Байрон очень рано стал замечать, какое действие его наружность производила на женщин. Поэт очень заботился о сохранении своей красоты и подвергал себя разрушительной диете, главным образом, для этой именно цели. Он был сам влюблен в свою наружность, в особенности в свои локоны, которые ему завивали каждую ночь, как женщине. Но зато его платье, экипажи и ливреи слуг обнаруживали удивительное отсутствие вкуса, точно так же, как его страсть к мундирам и ярким цветам. До какой степени он был занят своей наружностью и интересовался мнением о себе женщин, показывает следующий курьезный случай, сообщенный о нем его школьным товарищем, лордом Сляйгом. Стоя однажды во время своего пребывания в Афинах перед зеркалом и любуясь прекрасным, бледным лицом своим, Байрон вдруг серьезно заметил своему приятелю, что ему очень хотелось бы умереть от чахотки, так как женщины в таком случае нашли бы его очень красивым и интересным! А между тем он сам был о женщинах очень невысокого мнения, несмотря на прекрасные женские типы, которые мы встречаем в его произведениях. «Я смотрю на них, – говорит он в одном из своих дневников, – как на очень милые, но низшие существа, которые так же не на своем месте за нашим столом, как если бы они присутствовали на наших совещаниях. Весь современный строй по отношению к женскому полу представляет остаток варварского рыцарства наших прадедов. Я смотрю на них как на взрослых детей; но, подобно глупой матери, я всегда раб одной из них. Турки запирают своих женщин, и они от этого счастливее; дайте женщине зеркало и каленого миндалю, и она будет вполне довольна».
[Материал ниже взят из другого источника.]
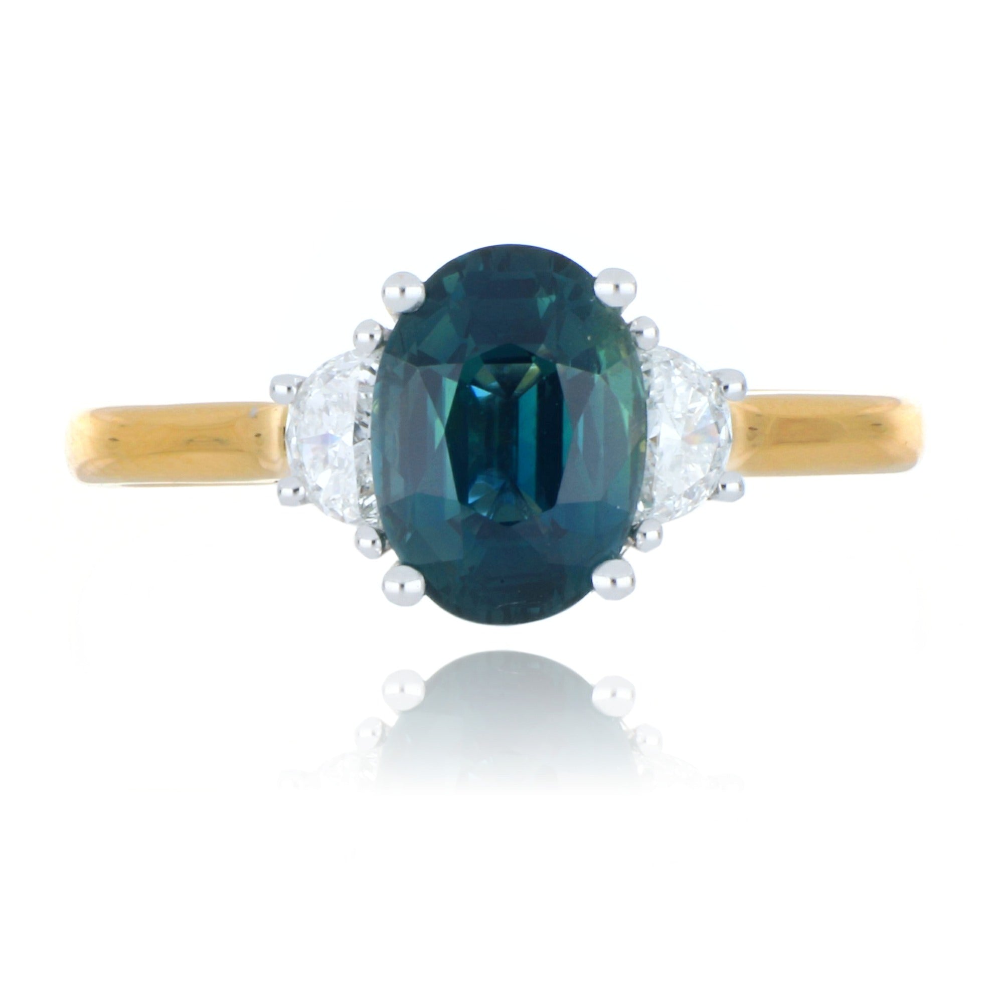 18ct Yellow Gold 2.35ct Teal Sapphire and Diamond 3 Stone Ring

Так смотрел на женщин тот, который не мог жить без них, который делал все, чтобы нравиться им, и который как наружностью своей, так и характером сильно напоминал женщину! Одним из многих проявлений крайнего тщеславия Байрона было и то, что ему никогда не нравились портреты и бюсты, которые с него снимали. Чем удачнее выходил портрет или бюст его, тем менее он ему нравился. Он любил видеть себя изображенным не таким, каким был в действительности, а таким, каким мечтал быть или, вернее, таким, за какого ему хотелось быть принятым. Он, страшно не любивший своих соотечественников за их манерность и претенциозность, сам очень редко бывал естественным, и большею частью держал себя так, как будто был на сцене и разыгрывал какую-нибудь роль. Гордый Байрон, знавший хорошо людей и на основании этого знания глубоко презиравший их и жестоко осмеявший в своем «Дон-Жуане», – этот самый Байрон как женщина интересовался мнением людей и как зеленый юноша жаждал аплодисментов толпы. Знаменитый датский скульптор Торвальдсен, делавший бюст его в то время, когда он был в Риме, рассказывает о первом сеансе следующее: «Байрон уселся против меня и сразу стал придавать своему лицу выражение, которого оно обыкновенно не имело». «Сидите, пожалуйста, спокойно, – заметил я ему, – вам незачем смотреть так, как вы смотрите». – «Это мое обычное выражение», – отвечал Байрон. – «В самом деле?» – сказал я и после этого уже не обращал внимания на его позу и представлял его таким, каким он был на самом деле. Когда бюст был готов, он заметил: «Это не совсем похоже на меня, выражение моего лица более несчастное…» Этот самый бюст поэта был потом найден его сестрой и всеми его друзьями необыкновенно удачным и верным…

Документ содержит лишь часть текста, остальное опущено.